# FEL Graph Creation

This notebook creates the graph-tool graph and data files from processed FEL annotations. Annotations are in a CSV file with each line representing a different tweet. A first list shows the linked entities, while a second list the corresponding confidence in each entity.

In [None]:
from graph_tool import Graph
import graph_tool.all as gt
import pandas as pd
from itertools import combinations
from matplotlib import pyplot as plt
import numpy as np
from collections import Counter
from itertools import zip_longest
import ast
import pickle

In [None]:
fel_df = pd.read_csv('fel_entities_all_processed_plus_conf.zip', compression = 'bz2')
fel_df.entity_names = fel_df.apply(lambda x: ast.literal_eval(x['entity_names']), axis = 1)
fel_df.ed_conf = fel_df.apply(lambda x: ast.literal_eval(x['ed_conf']), axis = 1)
fel_df.ed_conf = fel_df['ed_conf'].apply(lambda x : pd.to_numeric(x))

In [None]:
def collect_entities(entity_array):
    entity_count = dict()

    for entity_list in entity_array:
        entities = []

        for entity_name in entity_list:

            if entity_name not in entities:
                entities.append(entity_name)
                if entity_name in entity_count:
                    entity_count[entity_name] += 1
                else:
                    entity_count[entity_name] = 1

    return entity_count

def count_entity_pairs(entity_array, entity_int_mapping):
    entity_pairs_counts = dict()

    for entity_list in entity_array:
        entities = []
        for entity_name in set(entity_list):
            
            if (entity_name not in entities):
                entities.append(entity_name)
        
        # counts are tracked for how often keywords occur together
        for entity_pair in list(combinations(entities, 2)):
            entity_0 = entity_int_mapping[entity_pair[0]]
            entity_1 = entity_int_mapping[entity_pair[1]]
            if frozenset((entity_0, entity_1)) in entity_pairs_counts:
                entity_pairs_counts[frozenset((entity_0, entity_1))] += 1
            else:
                entity_pairs_counts[frozenset((entity_0, entity_1))] = 1      
    return entity_pairs_counts

def create_graph(entity_array):
    entity_count = collect_entities(entity_array)
    entity_int_mapping = dict(zip(list(entity_count.keys()),[i for i in range(len(entity_count))]))
    entity_pairs = count_entity_pairs(entity_array, entity_int_mapping)

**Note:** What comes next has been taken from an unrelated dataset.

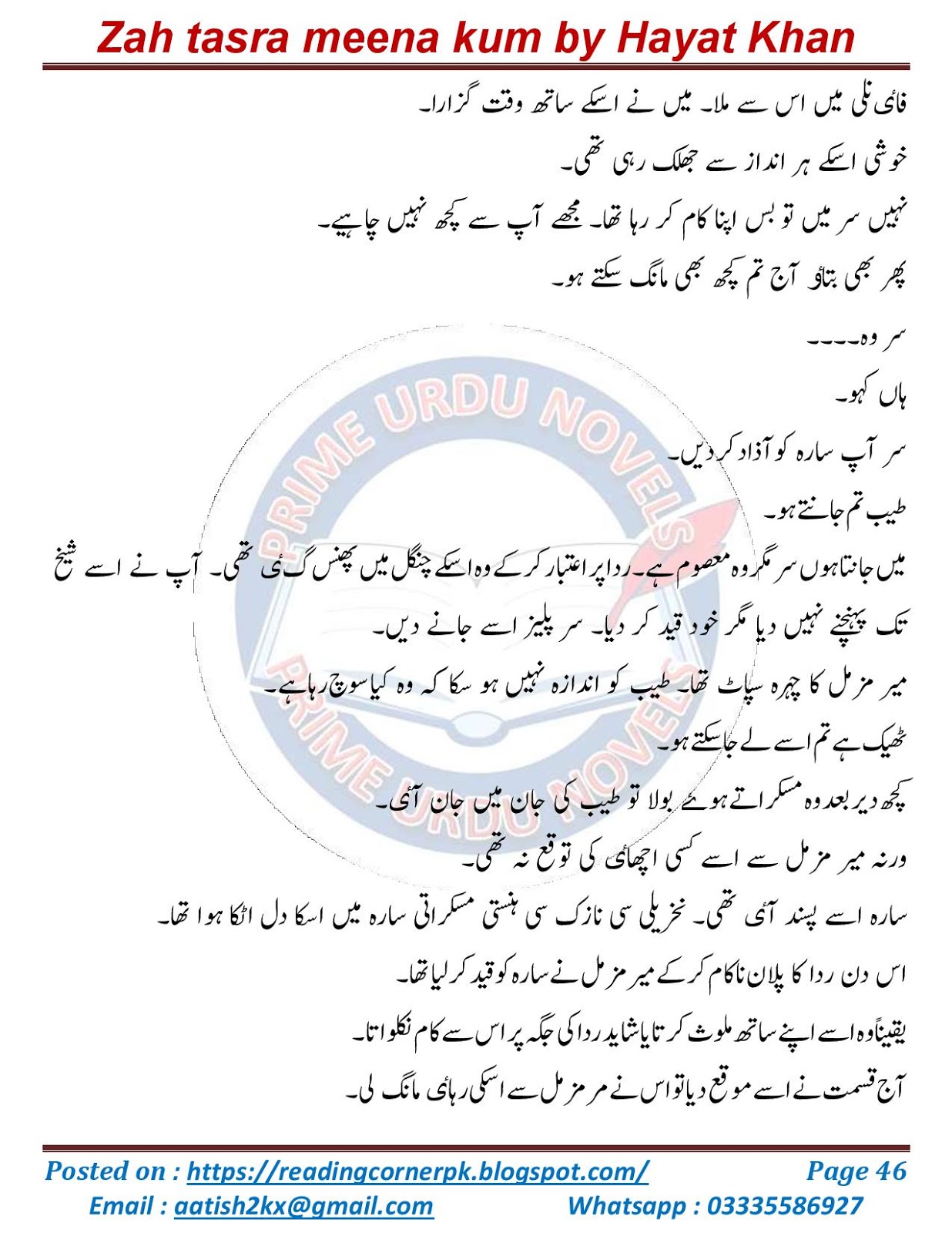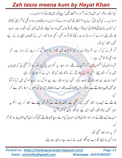 Zah tasra meena kum novel by Hayat Khan

    num_nodes = len(entity_count)
    g = Graph(directed=False)
    vlist = g.add_vertex(n=num_nodes)
    g.add_edge_list([tuple(list(x) + [y]) for x,y in entity_pairs.items()], eprops=[('weight','int')])

    return g, entity_count, entity_int_mapping

In [None]:
def get_conn_comp(g, entity_int_mapping):
    con_g = gt.extract_largest_component(g, prune = False)
    vertex_arr = con_g.get_vertices()

    org_reverse_entity_mapping = dict((v,k) for k,v in entity_int_mapping.items())
    reverse_entity_mapping = {i:org_reverse_entity_mapping[i] for i in vertex_arr}
    reverse_entity_mapping = dict(zip([i for i in range(len(vertex_arr))], [org_reverse_entity_mapping[i] for i in vertex_arr]))
    
    con_g = gt.extract_largest_component(g, prune = True)

    return con_g, reverse_entity_mapping

In [None]:
full_graphs_dict = dict()

for conf in [-3,-2.75,-2.5,-2.25,-2,-1.75,-1.5,-1.25,-1]:
    entity_array = []
    for i in range(len(fel_df)):
        entity_array.append(np.array(fel_df.entity_names[i])[np.where(np.array(fel_df.ed_conf[i])>conf)[0]])
    full_graphs_dict[str(conf)] = create_graph(entity_array)
    print(str(conf))

In [None]:
conf_list = ['-3','-2.75','-2.5','-2.25','-2','-1.75','-1.5','-1.25','-1']

In [None]:
for conf in conf_list:
    full_graphs_dict[conf][0].save("fel_all_full_conf_" + conf[1:] + ".gt.gz")
    
    with open('fel_all_full_conf_' + conf[1:] + '_data.pickle', 'wb') as handle:
        pickle.dump(full_graphs_dict[conf][1:], handle, protocol=pickle.HIGHEST_PROTOCOL)

In [None]:
conn_graphs_dict = dict()

for conf in conf_list:
    conn_graphs_dict[conf] = get_conn_comp(full_graphs_dict[conf][0], full_graphs_dict[conf][2])

In [None]:
for conf in conf_list:
    conn_graphs_dict[conf][0].save("fel_all_conn_conf_" + conf[1:] + ".gt.gz")
    
    with open('fel_all_conn_conf_' + conf[1:] + '_data.pickle', 'wb') as handle:
        pickle.dump(conn_graphs_dict[conf][1:], handle, protocol=pickle.HIGHEST_PROTOCOL)